Hmm, sold if it has a sound test menu and any redeeming qualities in the grinding for weeks to get to level 20 area.
I did enjot the game quite a bit during the beta days and when private servers started to pop up.


----------



## War (Jul 25, 2008)

I don't meant to be a b!tch here... but how exactly is this news? Most people have known about Ragna DS/MapleStory DS for a LONG time now... I don't see any new info in this thread...


----------



## millenium6000 (Jul 28, 2008)

Ragnarok DS is very very very very very very very very very very very very very very very very very very very very very very very very very COOOOOOOOOOOOOOOOOOOOOOOL!!!!! I'll wait for the US version of this game!!!


----------



## Trunkz (Jul 28, 2008)

Well, I'm pretty sure side-scrollers like Maple Story are pretty feasible on the DS, MMO-wise. I remember years ago, I was playing on a MMO called Deloria, and I'm more than happy to be bet that something of that caliber would be able to put on the DS. So there's no need for 50 people to jump onto this thread, and start cap'sing everything


----------



## Sp33der (Jul 28, 2008)

the ragnarok ds looks a bit fake to me IMO, but yea i actually wanna see how it will become in the single player and multiplayer modes.


----------



## Pizzaroo (Jul 28, 2008)

That screenshot for MSDS was in the like... PRE-beta version (well, no other version came out 
	

	
	
		
		

		
		
	


	




). im sure it will improve.


----------



## Skeeve22 (Jul 28, 2008)

I hope ragnarok at least has 4 player multiplayer, i'm sure the DS could handle that.

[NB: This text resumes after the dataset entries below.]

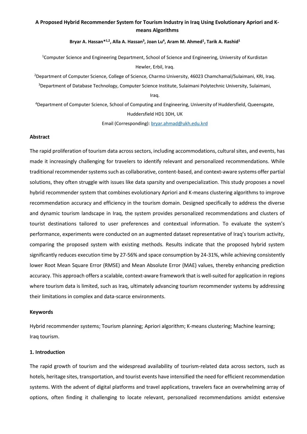 The rapid proliferation of tourism data across sectors, including accommodations, cultural sites, and events, has made it increasingly challenging for travelers to identify relevant and personalized recommendations. While traditional recommender systems such as collaborative, content-based, and context-aware systems offer partial solutions, they often struggle with issues like data sparsity and overspecialization. This study proposes a novel hybrid recommender system that combines evolutionary Apriori and K-means clustering algorithms to improve recommendation accuracy and efficiency in the tourism domain. Designed specifically to address the diverse and dynamic tourism landscape in Iraq, the system provides personalized recommendations and clusters of tourist destinations tailored to user preferences and contextual information. To evaluate the systems performance, experiments were conducted on an augmented dataset representative of Iraqs tourism activity, comparing the proposed system with existing methods. Results indicate that the proposed hybrid system significantly reduces execution time by 27-56% and space consumption by 24-31%, while achieving consistently lower Root Mean Square Error (RMSE) and Mean Absolute Error (MAE) values, thereby enhancing prediction accuracy. This approach offers a scalable, context-aware framework that is well-suited for application in regions where tourism data is limited, such as Iraq, ultimately advancing tourism recommender systems by addressing their limitations in complex and data-scarce environments.
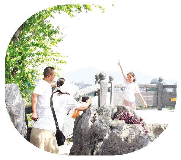 ↑游客在独秀峰顶拍照留念。 记者黄敏 摄
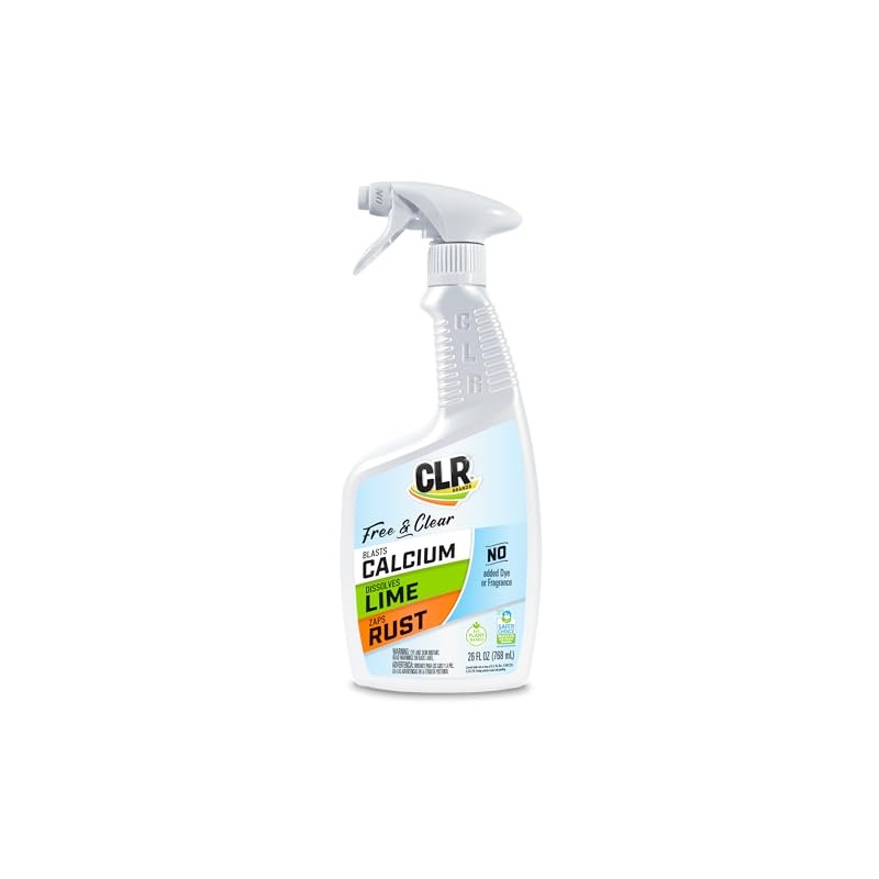 CLR Brands® Calcium, Lime & Rust Remover Free & Clear, No Dyes or Fragrances, Gentle Lime and Bathroom Descaler, Removes Hard Water Stains and Rust Deposits, 26 Oz Bottle (Pack of 1)
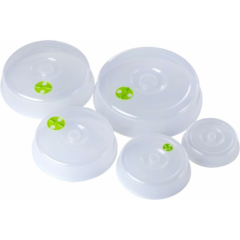 5 coperture di diverse dimensioni 11,5 / 14,5 / 17/20/23 cm Tappi di ventilazione per prevenire l'accumulo di umidità e pressione Design trasparente per vedere il cibo durante la cottura Riscalda semplicemente cibi difficili come spaghetti, salsa di pomodoro, pasta. Il coperchio è lavabile in lavastoviglie sul ripiano superiore Costruzione in plastica riutilizzabile, stabile e durevole, il nido si unisce per una conservazione salvaspazio (lavabile in lavastoviglie) Vantaggi e funzioni Vantaggi e funzioni b> - Copripiastra PREMIUM antimacchia, funziona con tutti i microonde - Trasparente - testato, 66% di energia in meno rispetto ai prodotti tradizionali - 5 bustine di diverse misure 11,5 / 14,5 / 17/20/23 cm - Completamente lavabile in lavastoviglie e facile da pulire - Mantiene igienico il tuo microonde - Serve anche come copertura per alimenti, protezione contro mosche / insetti in estate
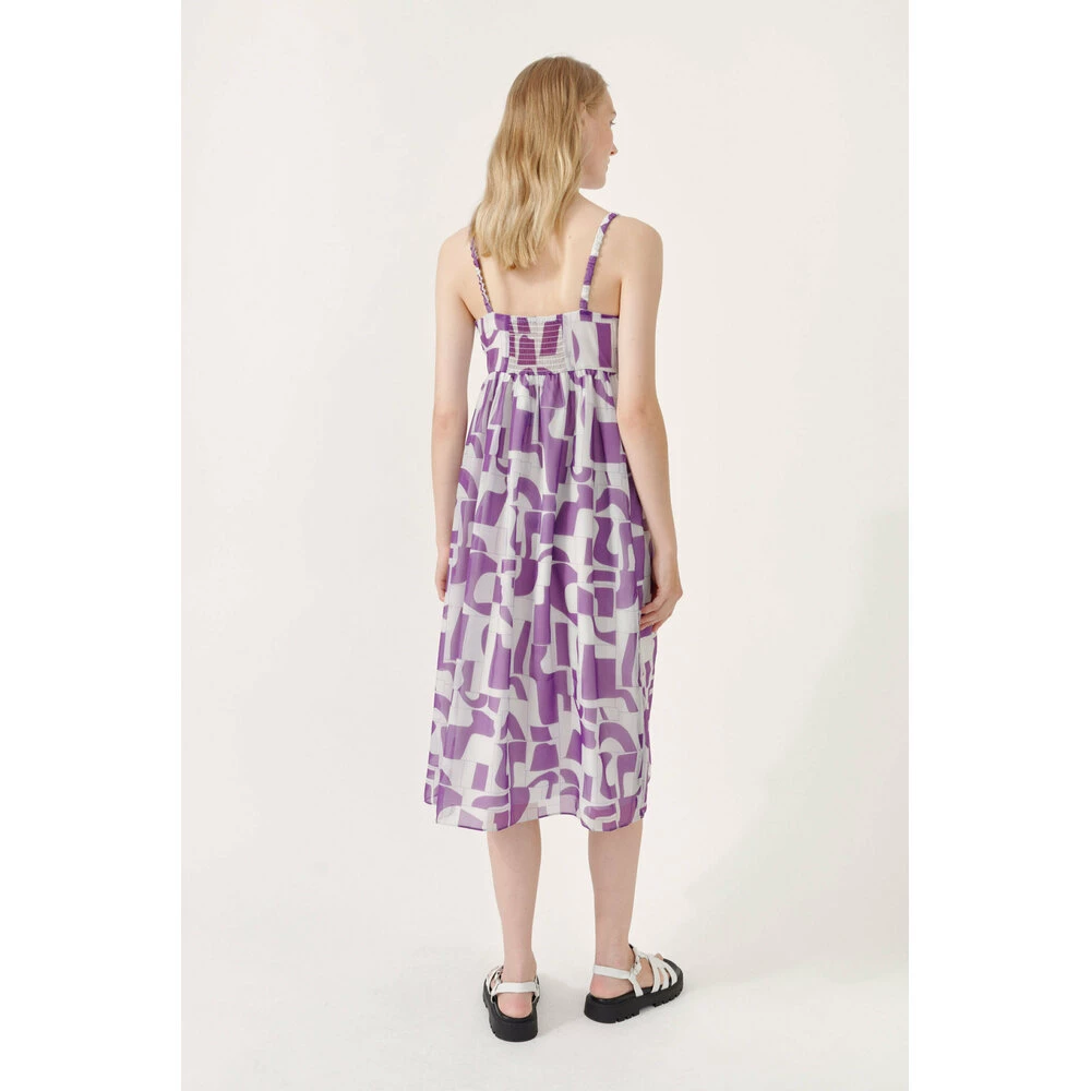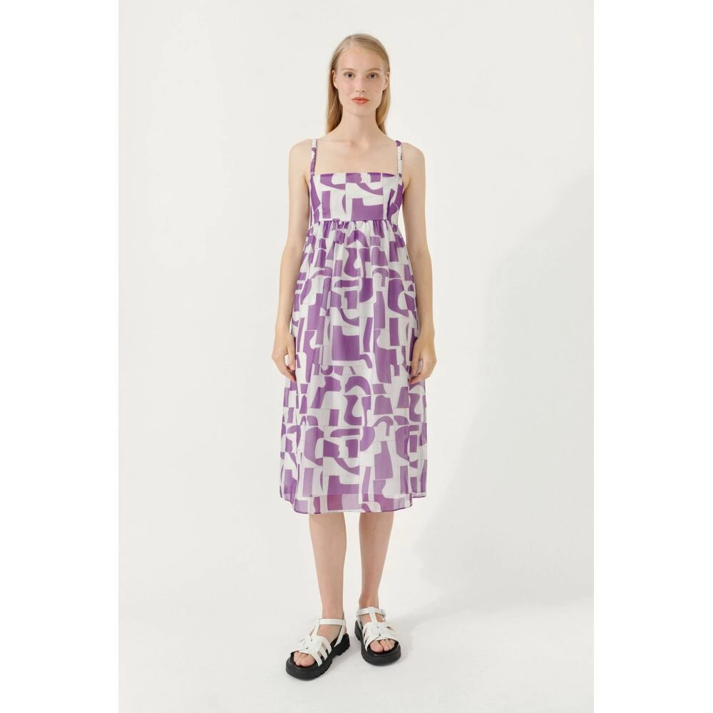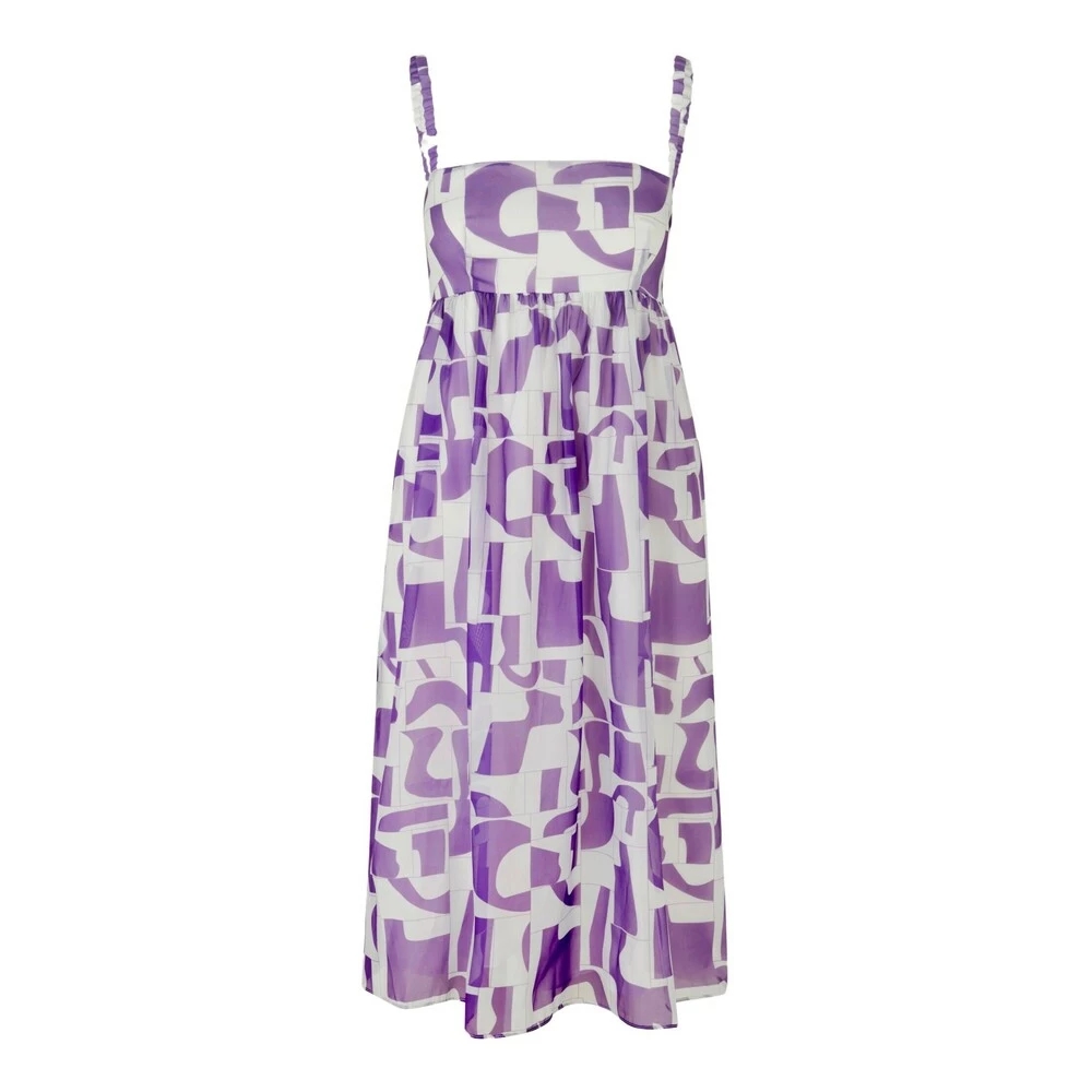 Aspen Dress fra Baum Und Pferdgarten. Midikjole med spagettistropper, elastiske stropper og empireliv med formsydd overdel. Det er glidelås i siden. Kjolen har normal passform og helfôret skjørt. Normal i størrelsen. Materiale: 100% Polyester. Lining.
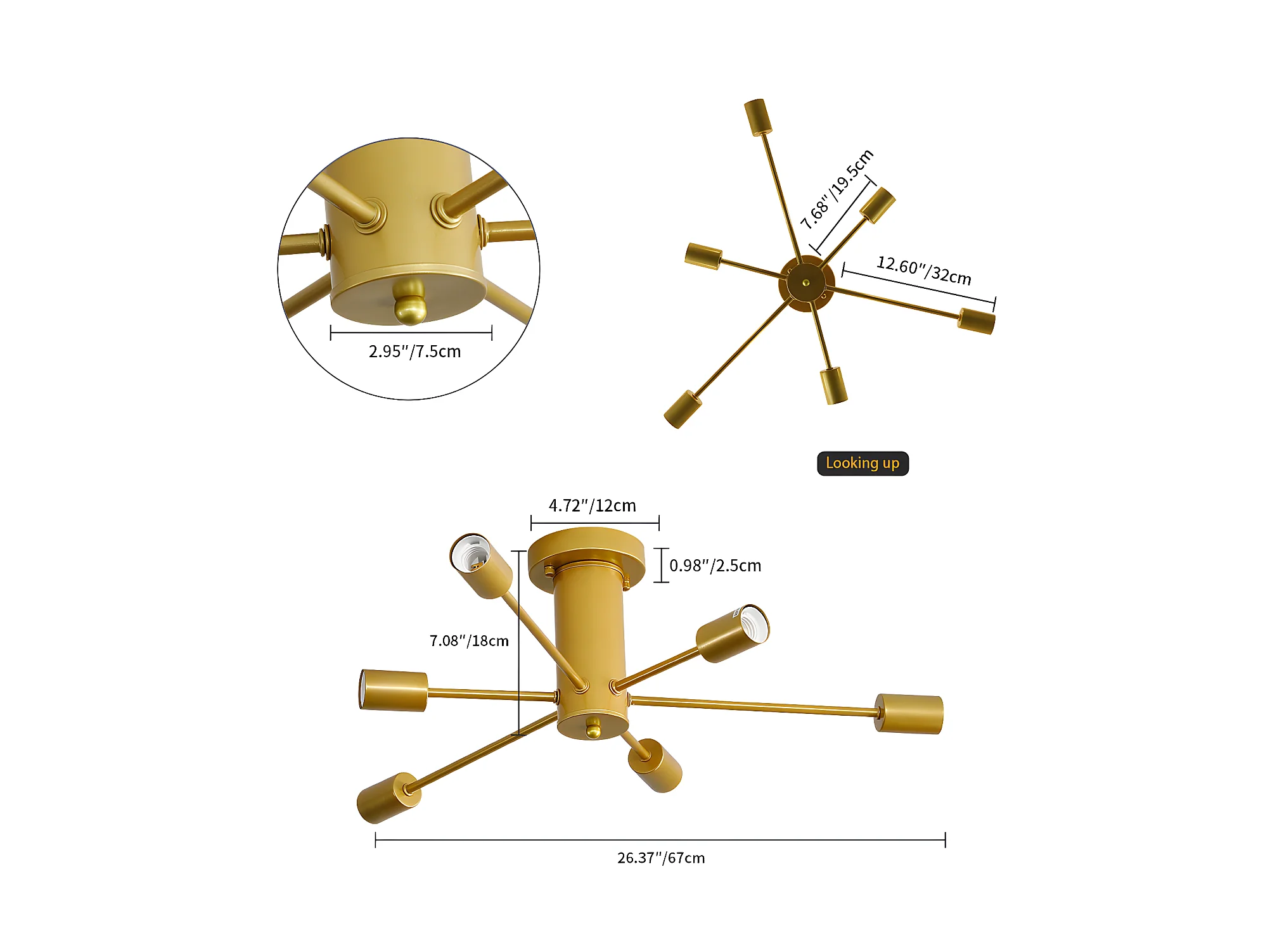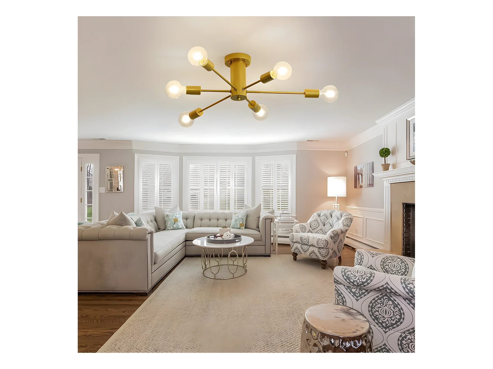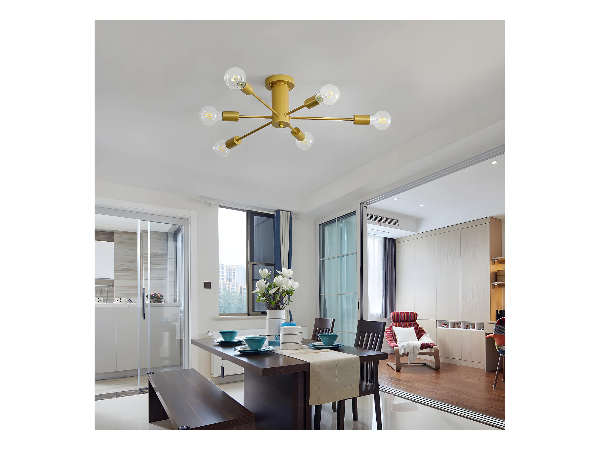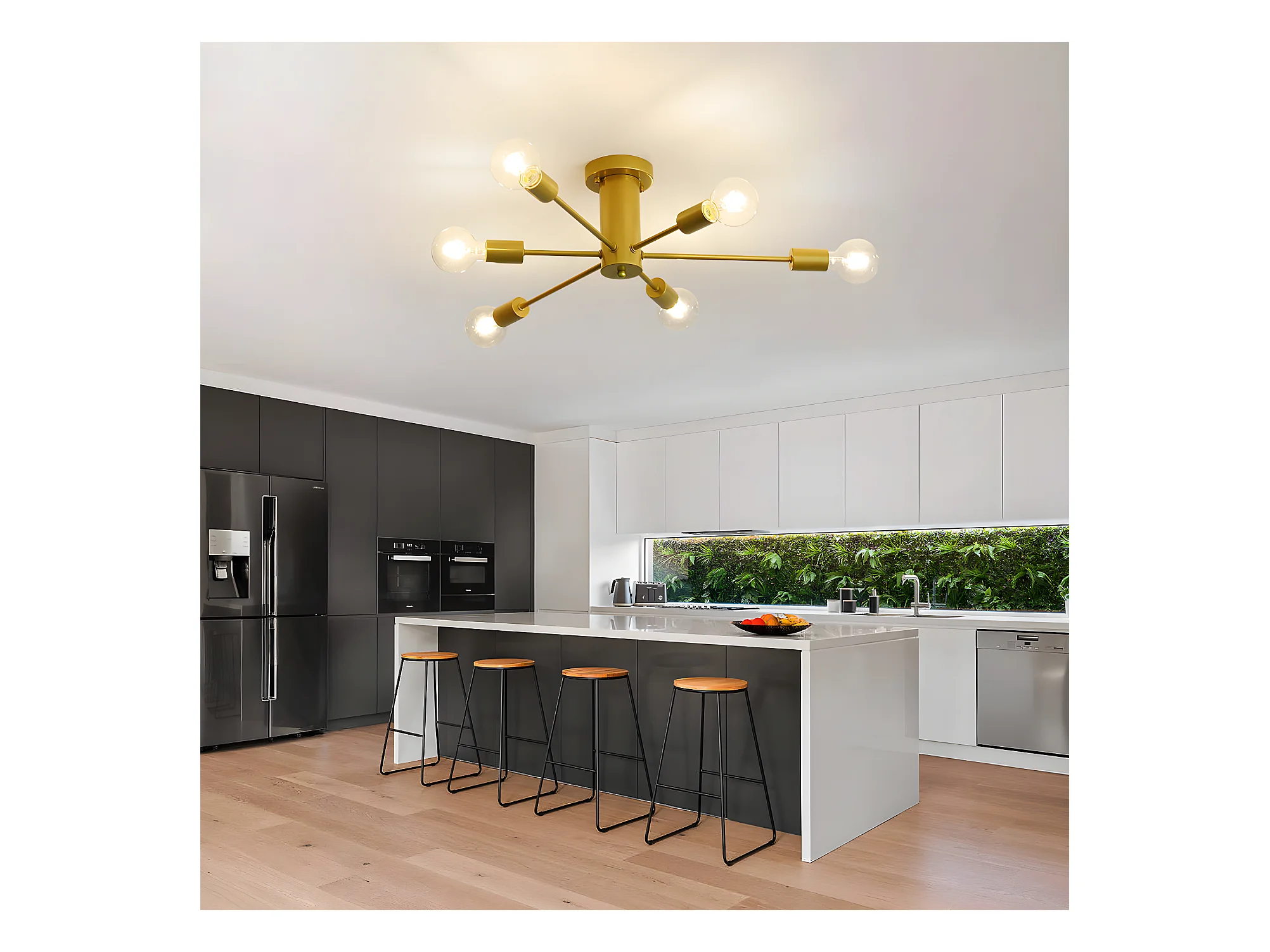 Vintage-Industrie-Deckenleuchte, Gold, 54*54*15 cm, 6 Leuchten, Beleuchtung ohne E27-Glühbirne
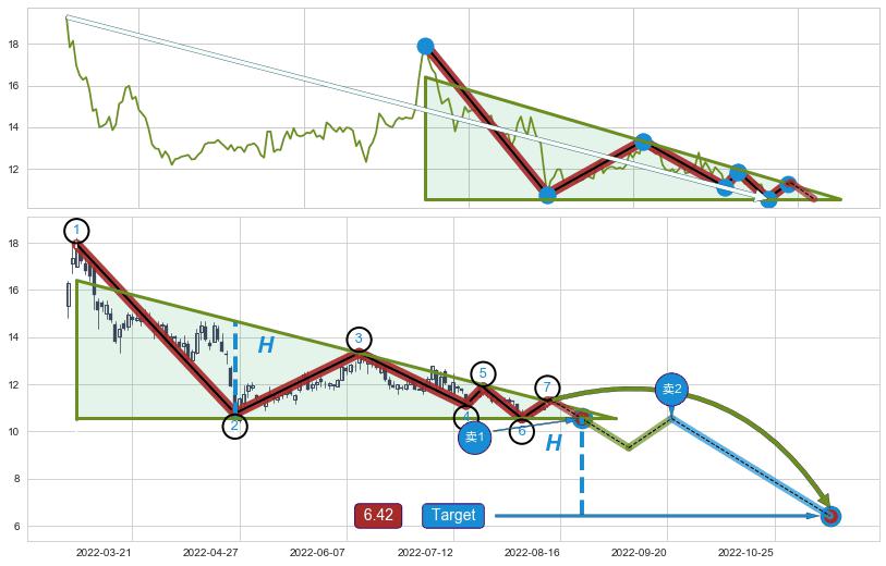 ➣ 【未确认突破,预测即将形成突破】下降三角形整理起点:2022-03-02, 预测突破点:2022-08-23,形态共119交易日

and yes, a basic MMO setup COULD be done on the nintendo DS, the company would just have to be dedicated to running their own servers for the DS so as to not have to be bound by Nintendo's WFC rules, such as friend codes. Sadly, the only company to do this so far is Disney with their DGamer char room service, which are avatar chat rooms with no friendcodes needed. I can see an extremely basic MMO along the lines of PSO feasibly working on the DS, but not much more.


----------



## LTK (Jul 28, 2008)

Honestly I would be happy to play with Local multiplayer only. Kinda' like FFCC.
WiFi is too unreliable imo


----------



## pokemongalaxy (Jul 28, 2008)

damn...the ms video is removed 
	

	
	
		
		

		
		
	


	




 But if theyre ever released in english or some1 makes an english patch,  Im so "getting it"...aka: downlo...


----------



## ctkxtreme (Jul 28, 2008)

I hated Maplestory and I'm pretty sure Ragnarok is no different from endless grindan with cheap 2d sprites.


----------



## cosmiccinema (Sep 22, 2008)

any news on when Maple and rag will be released?


----------



## CockroachMan (Sep 22, 2008)

Ragnarok is being released on Japan in December.. no information about a western release.


----------



## Robert100 (Dec 14, 2008)

Ragnarok online is released !
the gameplay is quite okay and it seems that it now plays as an rpg (with storyline if i'm not wrong)
still testing though


----------